# WHAT NEEDS TO BE DONE:
In the entries that follow, the first line to write out is the one containing "Women's polo shirt", and the last is the one containing "Model R mini". Reproduce that stretch exactly, with nothing before or after it.

# MATERIAL TO PROCESS:
------------------------------
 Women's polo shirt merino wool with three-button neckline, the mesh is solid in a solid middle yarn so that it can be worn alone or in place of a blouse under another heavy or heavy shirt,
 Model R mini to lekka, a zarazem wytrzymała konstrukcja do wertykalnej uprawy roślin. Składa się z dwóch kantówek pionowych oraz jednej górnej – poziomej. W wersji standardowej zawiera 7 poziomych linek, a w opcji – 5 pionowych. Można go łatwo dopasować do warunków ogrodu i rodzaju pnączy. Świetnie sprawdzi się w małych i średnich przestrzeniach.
------------------------------
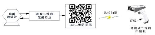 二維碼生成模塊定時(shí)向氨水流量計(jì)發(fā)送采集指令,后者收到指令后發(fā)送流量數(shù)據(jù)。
------------------------------
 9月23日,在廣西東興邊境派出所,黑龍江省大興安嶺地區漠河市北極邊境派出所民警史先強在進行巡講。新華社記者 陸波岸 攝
------------------------------
# TASK SOLUTION:
 Women's polo shirt merino wool with three-button neckline, the mesh is solid in a solid middle yarn so that it can be worn alone or in place of a blouse under another heavy or heavy shirt,
 Model R mini to lekka, a zarazem wytrzymała konstrukcja do wertykalnej uprawy roślin. Składa się z dwóch kantówek pionowych oraz jednej górnej – poziomej. W wersji standardowej zawiera 7 poziomych linek, a w opcji – 5 pionowych. Można go łatwo dopasować do warunków ogrodu i rodzaju pnączy. Świetnie sprawdzi się w małych i średnich przestrzeniach.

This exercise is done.